Serious changes have also taken place in my life, changes which have gradually made the pose of lightly-amused "Englishman in New York" impossible to sustain. I got married in front of a judge in a courtroom of the New York County Criminal Court in Lower Manhattan. My children were born in a hospital on the fringes of the Financial District. I am a parent, a payer of crippling health insurance premiums, a guy who pushes a stroller through a rapidly gentrifying neighbourhood. My free-floating years are behind me. And now I have to wonder if I have the stomach for what's about to come.
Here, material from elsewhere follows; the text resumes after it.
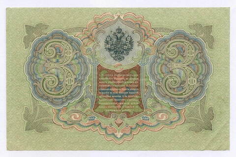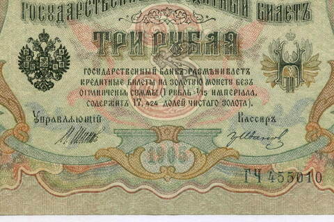 Кредитный билет 3 рубля 1905 год. Управляющий Шипов, кассир Гр Иванов ГЧ 455010. VF-XF

New York has always been a hard city, a viciously unequal city. These days I live along the line of the C train, which heads into Manhattan in one direction and out into Brownsville and East New York on the other. At its wealthiest, at Chambers Street, the median income is over $200,000 a year. At its poorest, at Van Siclen Avenue, some way out towards JFK airport, it's less than $18,000. Trump is a creature of this city, one might say the quintessential creature of this city, the kind of beast one meets on high floors in Midtown, men who have fattened themselves on arbitrage or property or private equity, who are comfortable with extreme inequality, and who believe it is their right to decide the fates of others.
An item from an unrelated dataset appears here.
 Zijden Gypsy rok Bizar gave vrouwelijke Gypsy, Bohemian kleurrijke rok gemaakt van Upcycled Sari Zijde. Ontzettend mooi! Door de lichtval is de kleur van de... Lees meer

I met him once, when I tagged along with a film crew who were shooting a lottery commercial at Trump Tower. I hung about, checking out Plexiglas models of Trump-branded building projects as the future head of state ran his lines. "How would you like to live like me for a day? How would YOU like to live?" "Which do you like? The second one, right? Is my tie OK?" He seemed not fully present, a creature of surface without detectable inner life. Back then, the idea that he would be chosen to lead the country was still a Simpsons plot line. Now the joke's on me.
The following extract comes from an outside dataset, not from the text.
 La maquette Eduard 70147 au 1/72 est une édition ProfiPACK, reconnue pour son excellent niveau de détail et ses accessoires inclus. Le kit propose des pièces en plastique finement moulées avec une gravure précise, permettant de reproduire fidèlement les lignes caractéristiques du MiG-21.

The obvious thing would be for me to head home. But the UK's future is as uncertain as America's, and besides, the London I used to know is no longer there. I don't mean that in any particularly dramatic way, though plenty of places I knew have changed or closed or are no longer occupied by my friends.
At the beginning of western thought, the pre-Socratic philosopher Heraclitus wrote, "you cannot step twice into the same river". The river may be the same but the water has flowed on. In Japan, in the 12th century, the Buddhist priest Kamo no Chōmei used the same image of the river and made the conclusion explicit, "so it is with man, and all his dwelling places, here on Earth".
I left London. When I go back these days, there are eddies and currents I don't recognise. If I move back, I know I'll have to make a new place to dwell, because I wouldn't get the old one back. And I'll lose New York, or the version of it I've come to love.
I know I'm not alone in my dilemma. I attended a party at the home of the French cultural attaché, and the talk was about which country was more unstable, America or France. Like everyone I know, I read the news obsessively, checking many times a day for developments, trying to divine what the world will be like a few months into the future. The plutocrats, the people on whose behalf the social fabric is being wrecked, are digging bunkers and buying land in New Zealand. If helter skelter goes down, they'll be helicoptered out. The rest of us, whether we drink coffee or tea, however we pronounce our vowels, are going to have to find a new kind of community, and a new resilience in the face of what is about to come.